═══ DATASET RECORDS ═══

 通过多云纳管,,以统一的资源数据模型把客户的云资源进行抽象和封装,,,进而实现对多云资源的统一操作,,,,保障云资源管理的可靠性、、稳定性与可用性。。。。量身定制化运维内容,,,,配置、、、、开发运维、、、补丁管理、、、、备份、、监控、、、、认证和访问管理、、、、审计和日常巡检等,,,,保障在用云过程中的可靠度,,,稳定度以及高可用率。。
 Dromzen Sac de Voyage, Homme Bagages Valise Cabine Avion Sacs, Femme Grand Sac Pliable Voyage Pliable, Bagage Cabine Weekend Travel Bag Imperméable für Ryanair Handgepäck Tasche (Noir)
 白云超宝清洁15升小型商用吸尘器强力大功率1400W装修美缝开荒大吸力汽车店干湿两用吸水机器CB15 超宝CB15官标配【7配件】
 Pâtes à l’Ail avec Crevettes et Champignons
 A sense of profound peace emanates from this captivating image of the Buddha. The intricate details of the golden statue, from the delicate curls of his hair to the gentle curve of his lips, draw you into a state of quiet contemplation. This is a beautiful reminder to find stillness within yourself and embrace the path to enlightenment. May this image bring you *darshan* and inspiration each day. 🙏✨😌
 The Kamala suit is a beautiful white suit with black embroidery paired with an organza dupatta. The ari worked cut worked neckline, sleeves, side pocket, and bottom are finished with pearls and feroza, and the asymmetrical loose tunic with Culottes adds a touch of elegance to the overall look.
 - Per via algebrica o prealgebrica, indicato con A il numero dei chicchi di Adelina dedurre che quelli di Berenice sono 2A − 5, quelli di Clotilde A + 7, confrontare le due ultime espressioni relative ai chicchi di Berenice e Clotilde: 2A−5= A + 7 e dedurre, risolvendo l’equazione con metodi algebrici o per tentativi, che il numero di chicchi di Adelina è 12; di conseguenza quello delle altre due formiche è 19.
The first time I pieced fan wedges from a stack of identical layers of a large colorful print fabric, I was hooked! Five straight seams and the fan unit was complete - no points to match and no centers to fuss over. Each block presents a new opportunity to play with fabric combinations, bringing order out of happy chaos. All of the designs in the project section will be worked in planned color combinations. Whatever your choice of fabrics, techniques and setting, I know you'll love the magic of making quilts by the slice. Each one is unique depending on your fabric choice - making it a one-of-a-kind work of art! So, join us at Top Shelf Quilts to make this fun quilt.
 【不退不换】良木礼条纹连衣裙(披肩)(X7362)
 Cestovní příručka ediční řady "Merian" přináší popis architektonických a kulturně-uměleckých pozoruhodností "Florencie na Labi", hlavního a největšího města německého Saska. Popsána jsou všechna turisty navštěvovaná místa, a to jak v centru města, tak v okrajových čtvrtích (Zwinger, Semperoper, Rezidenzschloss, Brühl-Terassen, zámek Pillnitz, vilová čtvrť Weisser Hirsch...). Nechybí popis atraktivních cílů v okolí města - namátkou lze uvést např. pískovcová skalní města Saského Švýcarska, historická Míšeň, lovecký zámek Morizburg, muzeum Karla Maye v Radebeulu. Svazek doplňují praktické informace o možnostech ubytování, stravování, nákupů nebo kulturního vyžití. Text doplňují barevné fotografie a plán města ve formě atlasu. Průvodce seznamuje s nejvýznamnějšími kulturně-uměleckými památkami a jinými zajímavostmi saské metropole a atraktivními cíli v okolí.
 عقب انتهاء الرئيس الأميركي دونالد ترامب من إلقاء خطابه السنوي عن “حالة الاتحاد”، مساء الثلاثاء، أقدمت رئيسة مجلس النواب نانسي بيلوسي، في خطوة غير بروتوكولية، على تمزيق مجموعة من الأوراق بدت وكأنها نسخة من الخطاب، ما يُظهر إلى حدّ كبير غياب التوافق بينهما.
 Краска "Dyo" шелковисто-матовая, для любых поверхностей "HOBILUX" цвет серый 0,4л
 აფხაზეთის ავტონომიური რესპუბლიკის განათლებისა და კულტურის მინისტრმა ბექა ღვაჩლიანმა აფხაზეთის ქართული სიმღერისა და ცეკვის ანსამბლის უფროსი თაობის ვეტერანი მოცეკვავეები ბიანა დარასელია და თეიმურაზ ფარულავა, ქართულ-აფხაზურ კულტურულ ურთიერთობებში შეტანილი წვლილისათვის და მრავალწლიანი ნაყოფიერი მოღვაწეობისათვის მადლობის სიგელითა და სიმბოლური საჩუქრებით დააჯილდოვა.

═══

Which lines above run from the one containing "Pâtes à l’Ail avec Crevettes et Champignons" to the one containing "- Per via algebrica"? Give them again exactly, both ends included.

 Pâtes à l’Ail avec Crevettes et Champignons
 A sense of profound peace emanates from this captivating image of the Buddha. The intricate details of the golden statue, from the delicate curls of his hair to the gentle curve of his lips, draw you into a state of quiet contemplation. This is a beautiful reminder to find stillness within yourself and embrace the path to enlightenment. May this image bring you *darshan* and inspiration each day. 🙏✨😌
 The Kamala suit is a beautiful white suit with black embroidery paired with an organza dupatta. The ari worked cut worked neckline, sleeves, side pocket, and bottom are finished with pearls and feroza, and the asymmetrical loose tunic with Culottes adds a touch of elegance to the overall look.
 - Per via algebrica o prealgebrica, indicato con A il numero dei chicchi di Adelina dedurre che quelli di Berenice sono 2A − 5, quelli di Clotilde A + 7, confrontare le due ultime espressioni relative ai chicchi di Berenice e Clotilde: 2A−5= A + 7 e dedurre, risolvendo l’equazione con metodi algebrici o per tentativi, che il numero di chicchi di Adelina è 12; di conseguenza quello delle altre due formiche è 19.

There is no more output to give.